Nous avons dîné sur une belle aire de pique-nique au sommet de la première grosse montée. Les Australicains nous ont rejoints une heure et demie plus tard, alors que nous nous apprêtions à repartir. Ils nous ont expliqué qu’aucun bus ne circulait hier puisque c’était dimanche et qu’ils ont finalement dû se résoudre à dormir à Medesano. Ils ont pris un bus ce matin pour rejoindre Fornovo. Ils semblaient ne plus pouvoir faire un seul pas de plus. Nous leur avons indiqué que la route menait aussi à Cassio sans faire toutes ces bosses et était certainement plus courte, et ils ont longuement hésité à l’emprunter. Au final, ils ont marché dans la forêt encore un peu, puis ont préféré la route pour le dernier tronçon. Malgré ce raccourci, ils sont arrivés au gîte une heure après nous.

Cassio

Ledit gîte est privé et non pas paroissial ou communal. Il est tenu et bichonné par Adriano, un homme d’une générosité hors du commun. Tout est d’une propreté absolue, ce qui nous changeait du gîte miteux de Fornovo.
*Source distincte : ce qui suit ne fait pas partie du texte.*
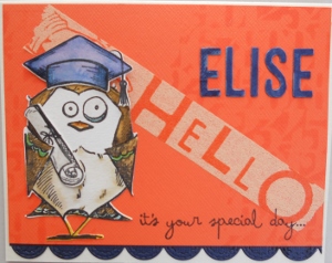 On bright orange Bazzill cardstock I applied Versamark Ink through mini stencil #058. Can't believe I actually had some orange inked washi tape in my stash - perfect! The wise old Crazy Bird owl was stamped in Jet Black Archival Ink onto watercolor cardstock and cut out with the coordinating die. Ditto for the diploma and cap from Crazy Things. The sentiment from Crazy Talk was stamped in JBAI. From blue cardstock I die cut her name using the 1" Alphanumeric dies. The Stitched Ovals border was cut from the same blue cardstock.
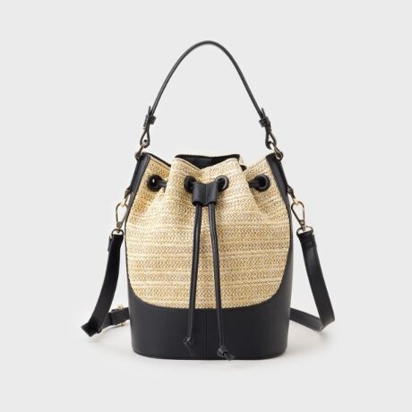 雑材と合皮がコンビになったデザイン巾着タイプ。
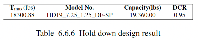 The SEAOC design chooses continuous rod system, so we cannot make a direct comparison here. Below is their calculations of the max uplift tension:
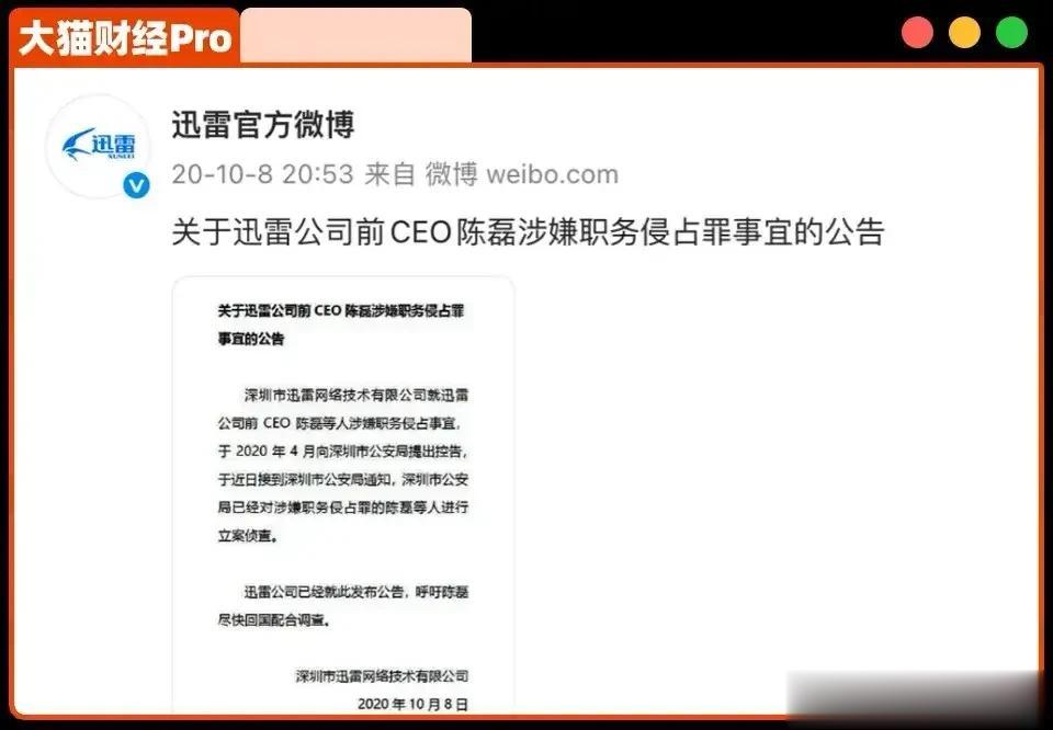 迅雷这几年惨得不行,3年亏了10个亿,雷总也被坑得血本无归。虽然刑事案件因证据不足撤案,但迅雷没放过他,现在起诉追偿2亿,哪怕钱要不回来,也要让他身败名裂。
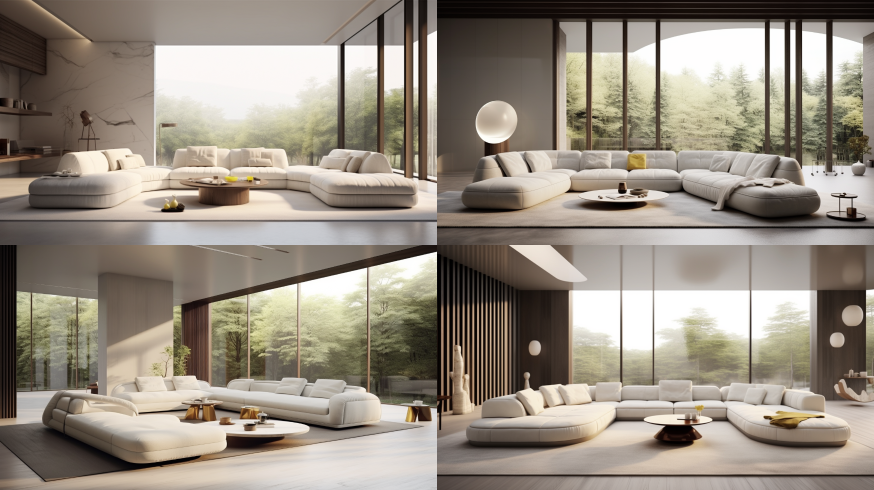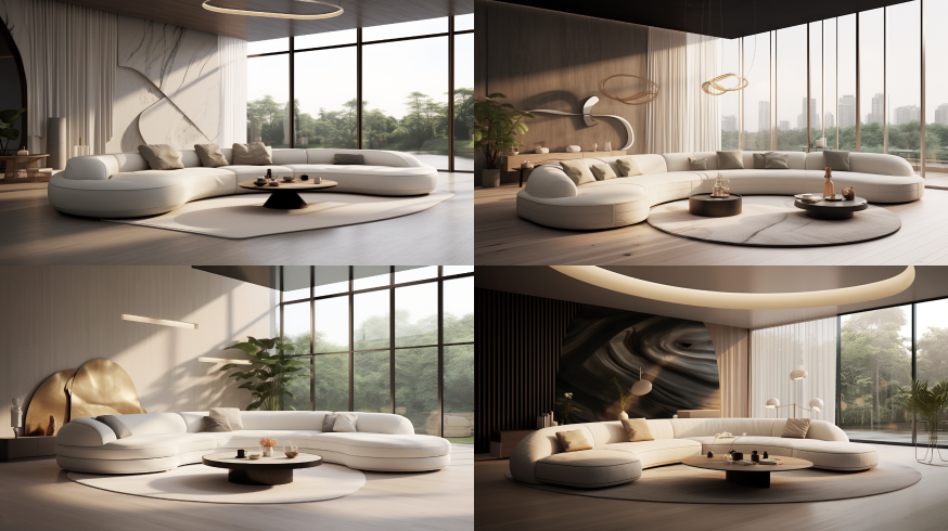Midjourney Bot 更新时间:2023-08-26 14:30Based on the image as a model, a large and irregular sofa was designed, consisting of a white velvet sofa with smooth lines, square armrests, a full soft bag, a minimalist Italian style, circular mats and coffee tables, creating a warm and comfortable scene. The minimalist interior design should not change the overall shape, with extreme details,minimal interior design::3 --ar 16:9 --style raw --v 5.2
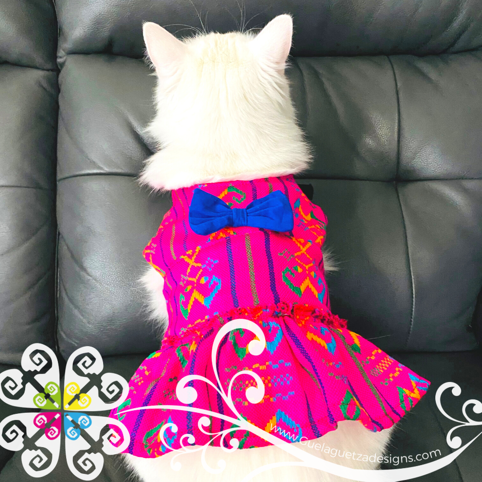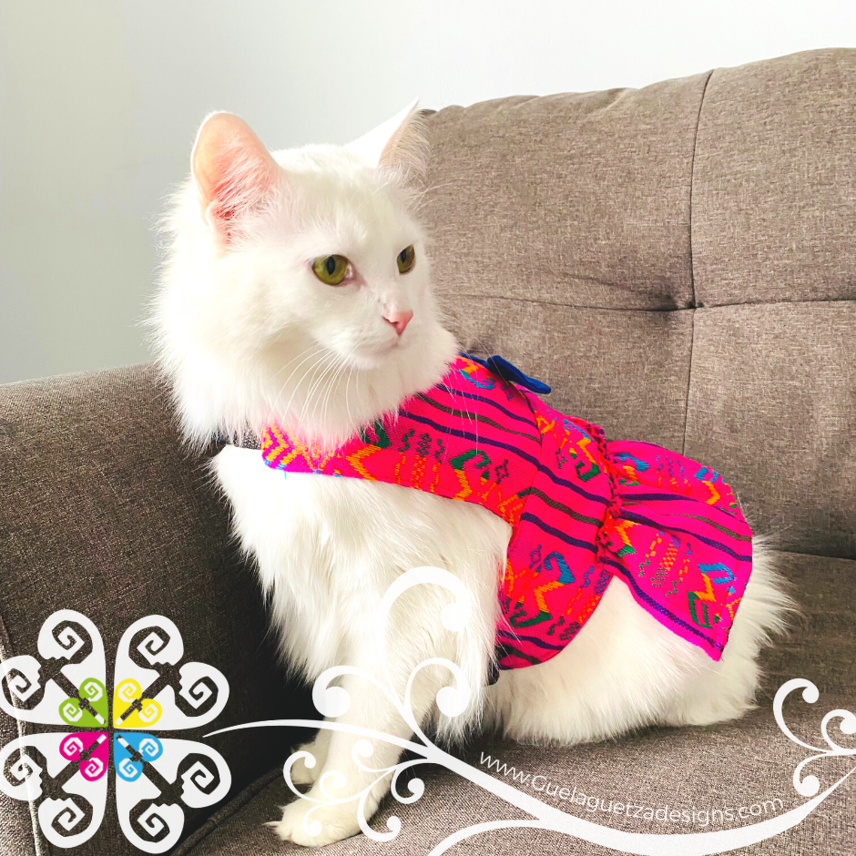 The most super cute cambray dress for your cat princess! You will absolutely love how your pet looks and represent part of the Mexican culture. Made with cambray fabric; a colorful and happy fabric. Snap buckle to adjust the neck and belly.
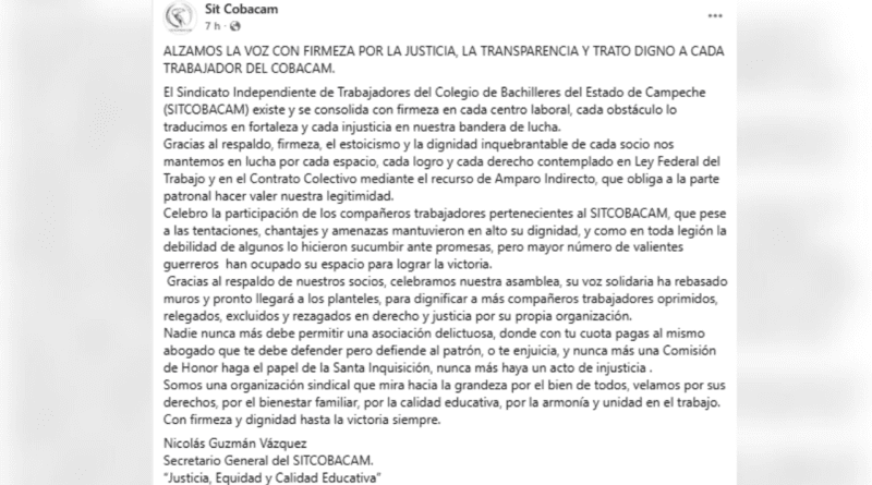 A través de redes sociales, el secretario general de la agrupación, Nicolás Guzmán Vázquez, aseguró que pese a las presiones, chantajes y amenazas, los trabajadores mantienen en alto su dignidad y siguen defendiendo su derecho a la libre asociación sindical.
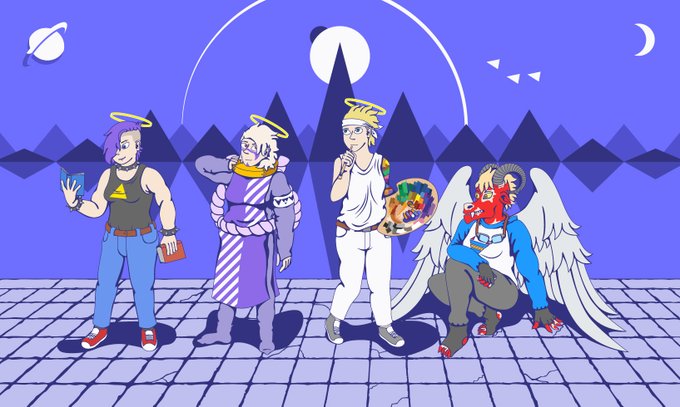 The cast of Agla's Art (L-R: Harahel, Agla, Uriel, Verin) in a more detailed scene than the usual completely abstract backgrounds.
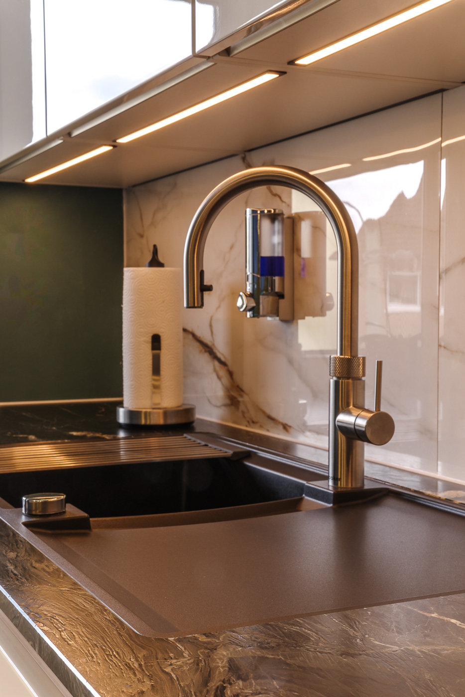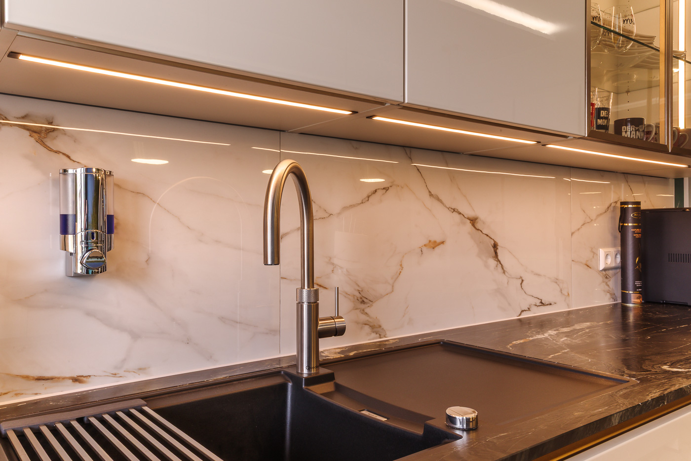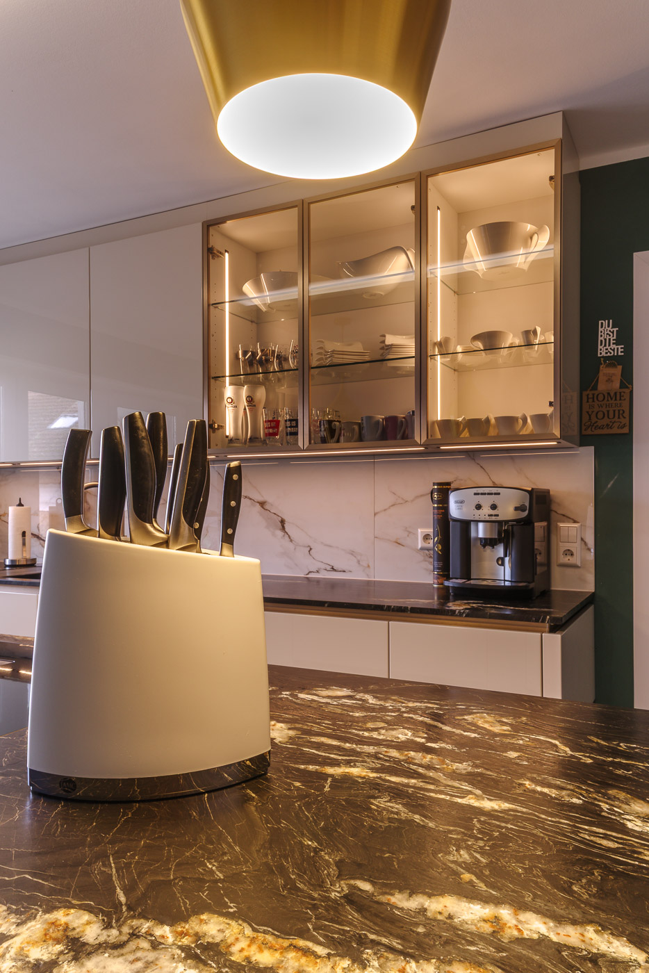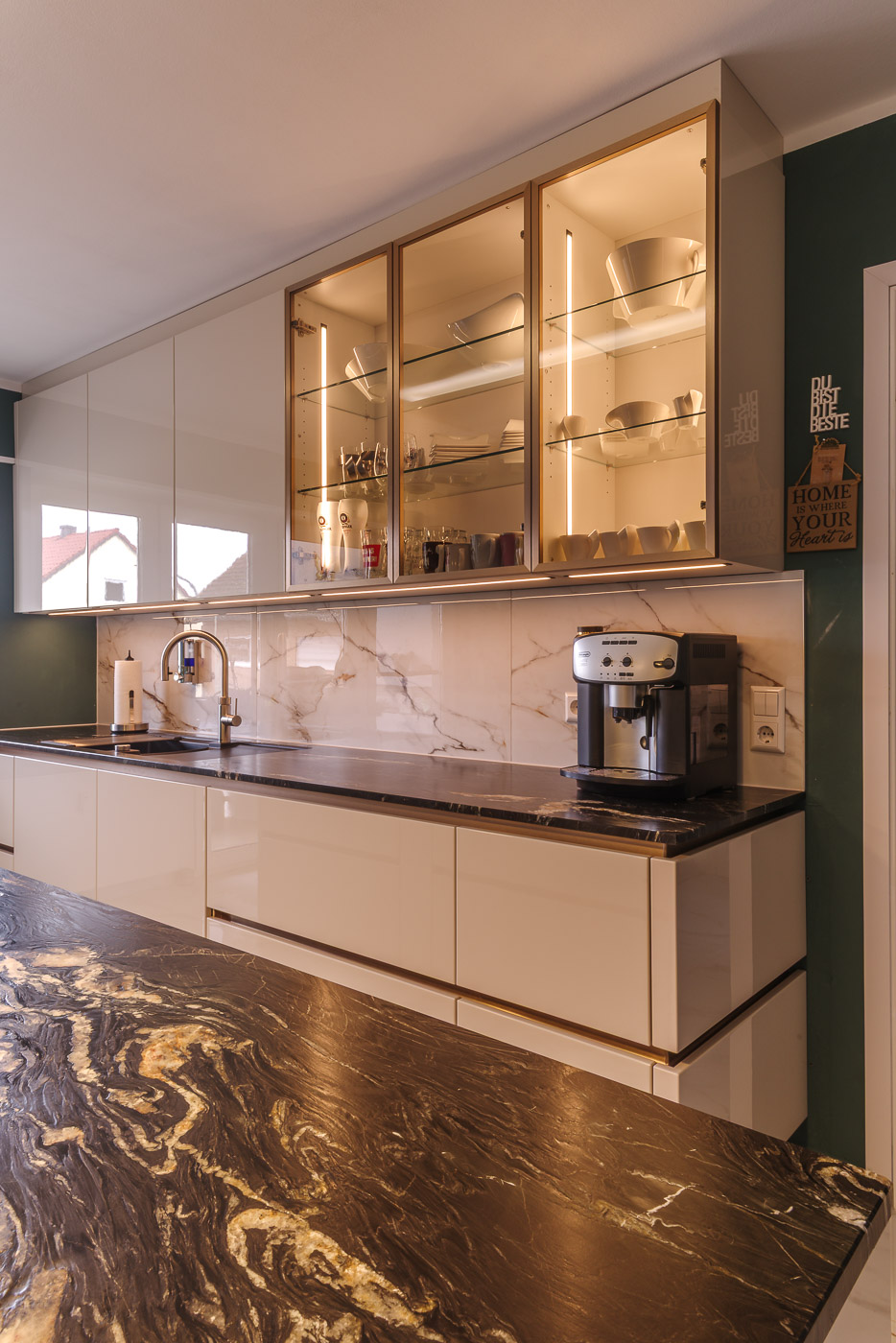 Wünsche: Kochinsel, helle, grifflose Front, Essplatz für 2 Personen. Naturstein Arbeitsplatte ohne Trennung.

Chaque recoin est également décoré et c’est extrêmement chargé. Notre chambre compte deux lits à étages et un petit coin salon a été aménagé avec un canapé et une table basse. Il y a également un canapé-lit qui est recouvert d’une couverture rouge et sur lequel se trouvent des peluches (dont un éléphant d’au moins un mètre de hauteur), des vieilles radios, des livres, etc. Les tables de nuit sont inutilisables puisque de gros pots de fausses fleurs y trônent. C’est aussi le cas des bords de fenêtre et il s’avère ainsi impossible d’aérer la pièce. Si tant est qu’on déplace le pot pour tout de même ouvrir la fenêtre, on ne peut cependant pas fermer les volets sans arracher les magnifiques géraniums à l’extérieur. Ce sera donc volets ouverts et fenêtres fermées pour cette nuit !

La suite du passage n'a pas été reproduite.